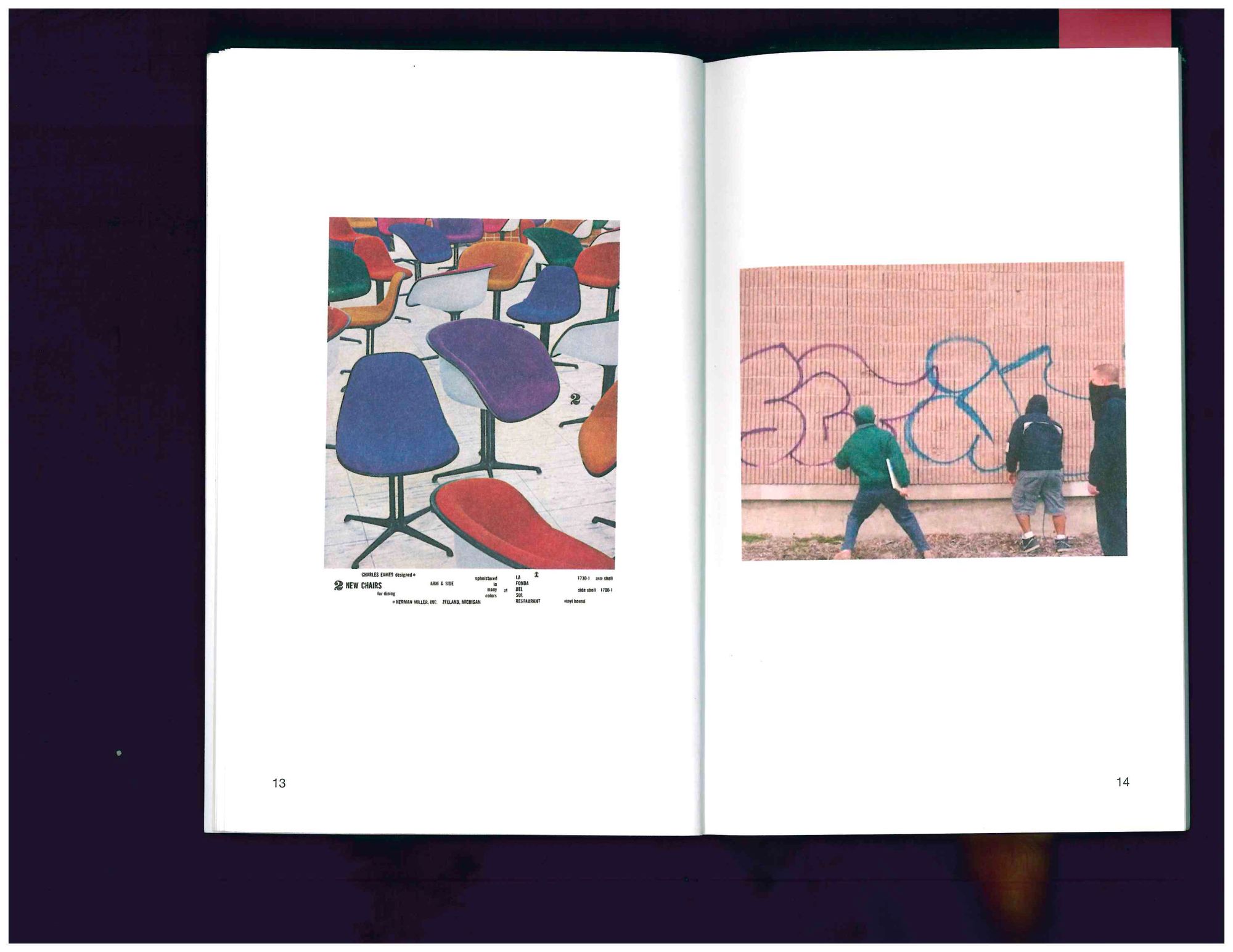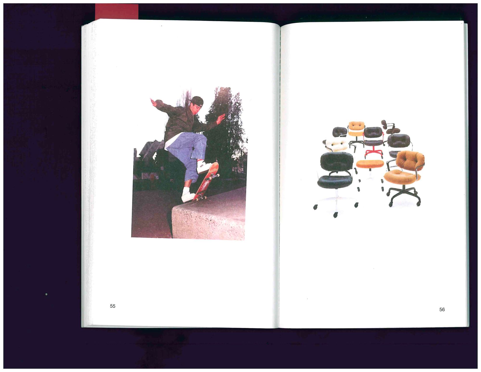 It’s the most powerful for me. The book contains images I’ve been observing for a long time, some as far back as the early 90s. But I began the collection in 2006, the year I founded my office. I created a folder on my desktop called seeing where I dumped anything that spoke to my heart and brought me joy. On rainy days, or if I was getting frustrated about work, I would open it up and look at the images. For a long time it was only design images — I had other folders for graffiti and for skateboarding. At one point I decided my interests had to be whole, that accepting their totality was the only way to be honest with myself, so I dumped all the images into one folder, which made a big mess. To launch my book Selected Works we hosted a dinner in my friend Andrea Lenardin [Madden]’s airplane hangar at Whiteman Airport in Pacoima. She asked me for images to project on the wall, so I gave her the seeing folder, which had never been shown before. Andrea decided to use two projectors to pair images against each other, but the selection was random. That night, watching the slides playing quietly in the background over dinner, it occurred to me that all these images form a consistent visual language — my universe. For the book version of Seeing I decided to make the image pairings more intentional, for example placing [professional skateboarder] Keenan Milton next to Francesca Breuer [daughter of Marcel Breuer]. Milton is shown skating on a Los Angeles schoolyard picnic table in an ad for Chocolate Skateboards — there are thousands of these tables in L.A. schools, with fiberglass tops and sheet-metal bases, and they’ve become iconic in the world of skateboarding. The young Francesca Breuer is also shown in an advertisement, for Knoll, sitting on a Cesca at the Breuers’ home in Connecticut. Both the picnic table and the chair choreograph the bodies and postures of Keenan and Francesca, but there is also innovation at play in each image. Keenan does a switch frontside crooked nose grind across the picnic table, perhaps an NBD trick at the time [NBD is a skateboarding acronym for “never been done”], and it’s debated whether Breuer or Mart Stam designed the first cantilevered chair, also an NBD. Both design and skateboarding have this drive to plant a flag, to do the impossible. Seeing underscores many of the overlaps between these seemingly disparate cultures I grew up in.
==
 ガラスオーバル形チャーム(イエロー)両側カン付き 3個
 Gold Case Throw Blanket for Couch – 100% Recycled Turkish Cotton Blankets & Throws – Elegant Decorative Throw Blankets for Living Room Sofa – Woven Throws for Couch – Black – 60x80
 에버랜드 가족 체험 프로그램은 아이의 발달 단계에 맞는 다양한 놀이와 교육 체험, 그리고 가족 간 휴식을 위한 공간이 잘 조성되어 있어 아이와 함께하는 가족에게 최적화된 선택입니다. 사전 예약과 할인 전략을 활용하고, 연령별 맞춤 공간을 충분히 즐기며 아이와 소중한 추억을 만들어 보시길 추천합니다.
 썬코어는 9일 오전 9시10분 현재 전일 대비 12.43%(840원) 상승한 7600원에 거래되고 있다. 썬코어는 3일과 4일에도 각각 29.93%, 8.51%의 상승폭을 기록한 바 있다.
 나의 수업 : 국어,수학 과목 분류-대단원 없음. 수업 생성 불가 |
* * *
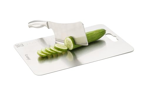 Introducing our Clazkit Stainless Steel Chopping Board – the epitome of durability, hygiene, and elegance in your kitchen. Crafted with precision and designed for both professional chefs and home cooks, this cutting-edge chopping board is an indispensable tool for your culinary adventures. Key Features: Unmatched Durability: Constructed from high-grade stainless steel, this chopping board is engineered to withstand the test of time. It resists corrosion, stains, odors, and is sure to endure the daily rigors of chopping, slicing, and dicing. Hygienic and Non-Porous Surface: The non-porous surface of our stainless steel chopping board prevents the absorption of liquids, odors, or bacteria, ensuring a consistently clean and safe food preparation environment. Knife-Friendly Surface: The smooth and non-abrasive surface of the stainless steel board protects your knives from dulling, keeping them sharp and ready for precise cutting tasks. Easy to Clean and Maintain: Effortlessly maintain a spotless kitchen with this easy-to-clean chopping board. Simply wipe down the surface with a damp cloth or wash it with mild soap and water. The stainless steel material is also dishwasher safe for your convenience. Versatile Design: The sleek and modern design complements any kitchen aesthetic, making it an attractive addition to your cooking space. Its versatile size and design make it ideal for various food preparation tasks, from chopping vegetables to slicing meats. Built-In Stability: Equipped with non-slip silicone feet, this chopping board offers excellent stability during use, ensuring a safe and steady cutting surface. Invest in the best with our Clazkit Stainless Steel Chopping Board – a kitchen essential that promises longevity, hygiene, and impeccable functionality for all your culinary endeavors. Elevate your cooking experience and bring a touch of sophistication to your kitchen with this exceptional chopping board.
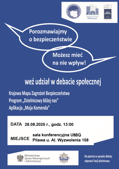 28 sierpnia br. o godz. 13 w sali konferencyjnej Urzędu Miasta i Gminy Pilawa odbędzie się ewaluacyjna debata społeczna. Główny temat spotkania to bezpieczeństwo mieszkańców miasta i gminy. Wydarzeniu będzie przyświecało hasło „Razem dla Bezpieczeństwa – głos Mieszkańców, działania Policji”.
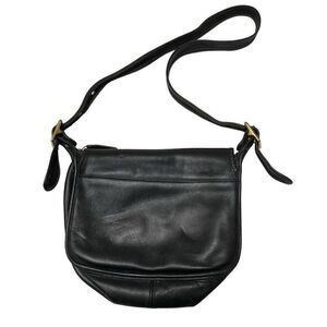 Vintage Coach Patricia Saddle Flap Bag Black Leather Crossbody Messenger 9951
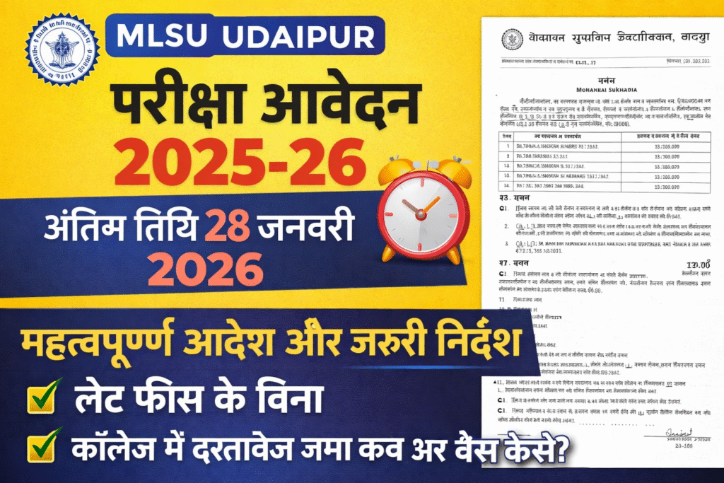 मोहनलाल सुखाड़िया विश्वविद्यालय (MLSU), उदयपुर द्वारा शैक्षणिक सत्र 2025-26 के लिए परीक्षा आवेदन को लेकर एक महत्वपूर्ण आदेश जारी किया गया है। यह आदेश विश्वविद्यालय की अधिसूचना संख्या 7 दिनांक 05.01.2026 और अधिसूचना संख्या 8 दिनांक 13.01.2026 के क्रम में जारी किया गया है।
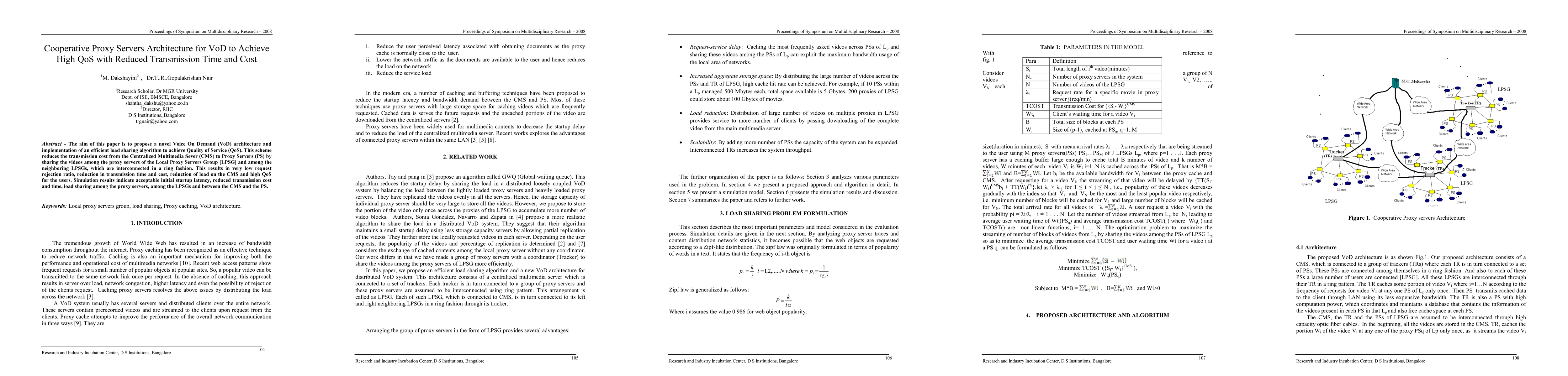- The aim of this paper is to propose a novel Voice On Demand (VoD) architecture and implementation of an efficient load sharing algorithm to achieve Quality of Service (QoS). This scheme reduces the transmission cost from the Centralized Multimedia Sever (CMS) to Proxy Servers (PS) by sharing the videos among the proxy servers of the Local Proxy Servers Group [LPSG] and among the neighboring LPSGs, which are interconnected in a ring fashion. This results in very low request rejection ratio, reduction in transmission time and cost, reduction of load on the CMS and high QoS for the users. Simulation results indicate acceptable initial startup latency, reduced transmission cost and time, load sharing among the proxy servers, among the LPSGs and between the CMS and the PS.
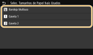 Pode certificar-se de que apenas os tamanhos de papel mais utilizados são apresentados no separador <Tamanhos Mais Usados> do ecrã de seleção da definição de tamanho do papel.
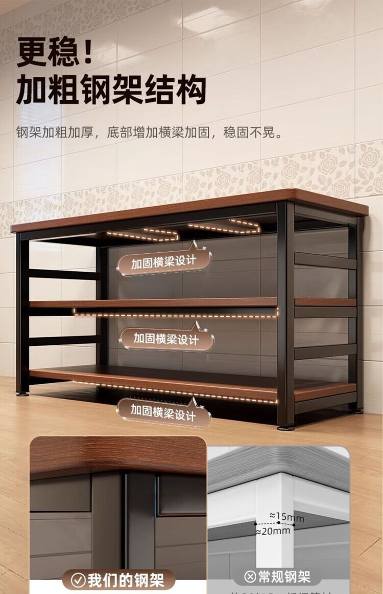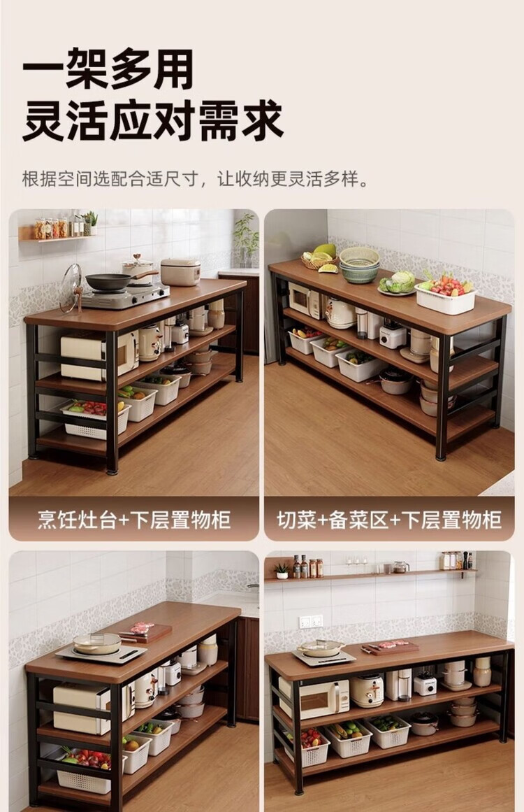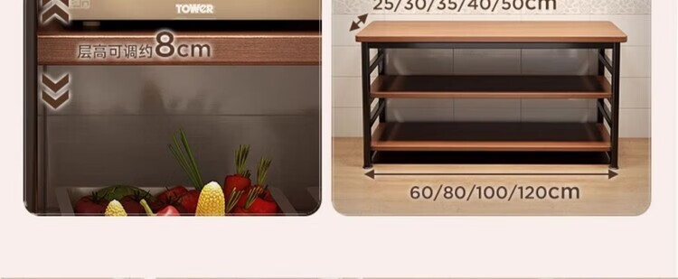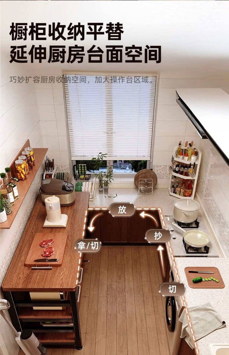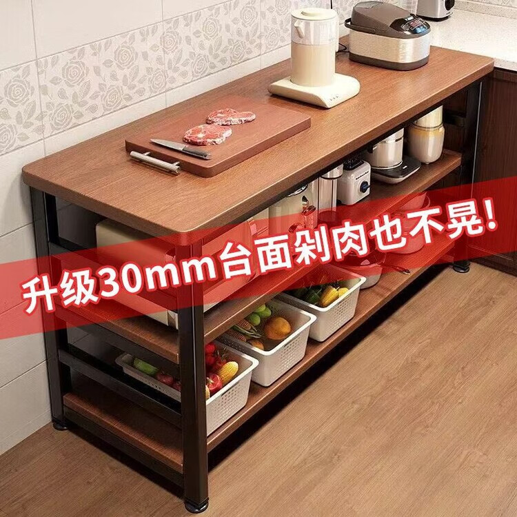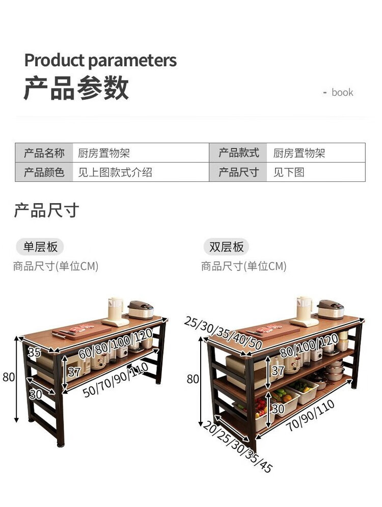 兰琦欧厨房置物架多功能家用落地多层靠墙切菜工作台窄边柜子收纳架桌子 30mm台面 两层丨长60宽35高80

▶ [WHAT THE EXERCISE ASKS]: Restate word for word the lines in the material above from the one with "에버랜드 가족 체험 프로그램은" to the one with "나의 수업 : 국어,수학 과목 분류-대단원 없음. 수업 생성 불가 |"; both of those lines count, and nothing else does.

▶ [RESPONSE]:
 에버랜드 가족 체험 프로그램은 아이의 발달 단계에 맞는 다양한 놀이와 교육 체험, 그리고 가족 간 휴식을 위한 공간이 잘 조성되어 있어 아이와 함께하는 가족에게 최적화된 선택입니다. 사전 예약과 할인 전략을 활용하고, 연령별 맞춤 공간을 충분히 즐기며 아이와 소중한 추억을 만들어 보시길 추천합니다.
 썬코어는 9일 오전 9시10분 현재 전일 대비 12.43%(840원) 상승한 7600원에 거래되고 있다. 썬코어는 3일과 4일에도 각각 29.93%, 8.51%의 상승폭을 기록한 바 있다.
 나의 수업 : 국어,수학 과목 분류-대단원 없음. 수업 생성 불가 |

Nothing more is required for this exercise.